At a glance
AI is reshaping data center infrastructure in both technical and commercial dimensions.
On the technical side, the data center infrastructure technology stack is becoming more tightly integrated. Power density requirements are increasing, forcing new electrical designs. Cooling is moving from air to liquid and becoming part of system architecture. Racks are evolving from passive enclosures into integrated units that combine compute, power, and thermal management. Data centers are being redesigned as AI-specific environments rather than general-purpose facilities.
On the commercial side, the market is concentrating. Demand sits with a small group of hyperscalers and frontier labs whose capex plans set the pace. Supply is dominated by a short list of specialized vendors whose bargaining position has only strengthened.

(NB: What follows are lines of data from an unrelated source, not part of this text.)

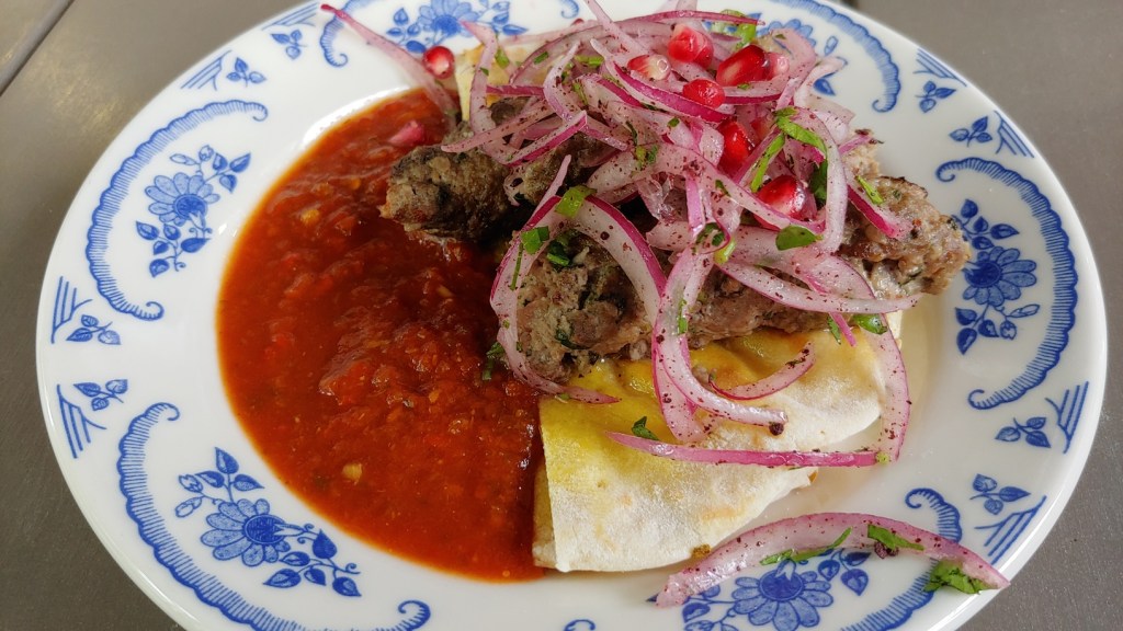 Other sections of the menu include makaldan (from the grill) and baghidan (from the garden). The grill section has several different kebabs. I had a ground pork one call lyulya. Mildly seasoned with Georgian spices and served with a mild tomato sauce, it has the perfect balance of flavors. It seems all their dishes are like that.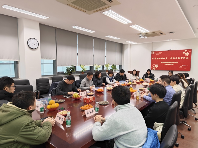 与会领导首先向各位学生代表致以新春的诚挚问候,并详细询问了同学们的学习生活情况。当了解到同学们已经在高水平期刊发表研究成果,但仍然放弃假期奋战在实验室的情况后,与会领导充分肯定了大家的努力,同时叮嘱大家要劳逸结合、多和家人联系。当一位香港学生在留沪工作和返港工作间犹豫不决时,与会领导也积极提出建议,打消学生的顾虑。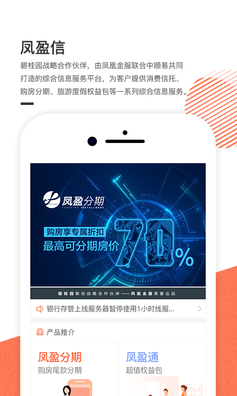 凤盈信是由碧桂园战略合作伙伴——凤凰金服打造的综合信息服务应用。目前凤盈信平台展示三款产品信息——凤盈安驰、凤盈通,以及凤盈分期。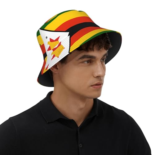 Flag of Zimbabwe Adult Unisex Sunshade Bucket hat, Non-Shrinking, Lightweight, Breathable, Foldable, Easy to Store Black 6

A new class of dedicated AI infrastructure providers has also emerged that is absorbing capex risk.
Future advantages will be with companies that can hold and defend positions in this shifting market through a combination of technical leadership, operational execution, capital, and intellectual property.
The AI buildout is driving technical integration and commercial consolidation in equal measure
Historically, most of the data center value chain could be optimized relatively independently. Compute, networking, power, cooling, and facilities were loosely coupled. Data centers were designed for a wide range of workloads such as enterprise SaaS, web hosting, storage - and demand came from a long tail of enterprise buyers. Traditional data centers typically run at 6 to 15 kW per rack, rely on air cooling, and follow general-purpose layouts.
However, AI training and high-density inference workloads are demanding something far more specialized and integrated: rack densities of 50 to 130 kW, liquid cooling, and facilities designed from the ground up around GPU clusters and high-bandwidth interconnects. In these environments, improvements in one layer cascade through all the others. A higher-power chip generation outstrips existing power distribution and forces new electrical designs. The heat it generates requires a shift to liquid cooling. Faster compute creates new interconnect bottlenecks, reshaping cluster topology and how floor space is allocated.
AI data center infrastructure is therefore being designed as a system rather than as a collection of independent components.
Illustration 1
AI data center infrastructure stack
This integration is also happening at a commercial level. The buyer and supplier side is consolidating into a small number of companies and frontier labs whose capex commitments are now driving almost every meaningful commercial contract. Additionally, a new class has emerged: dedicated AI infrastructure providers that are taking on the capex burden of GPU clusters and selling capacity back to the same companies and labs.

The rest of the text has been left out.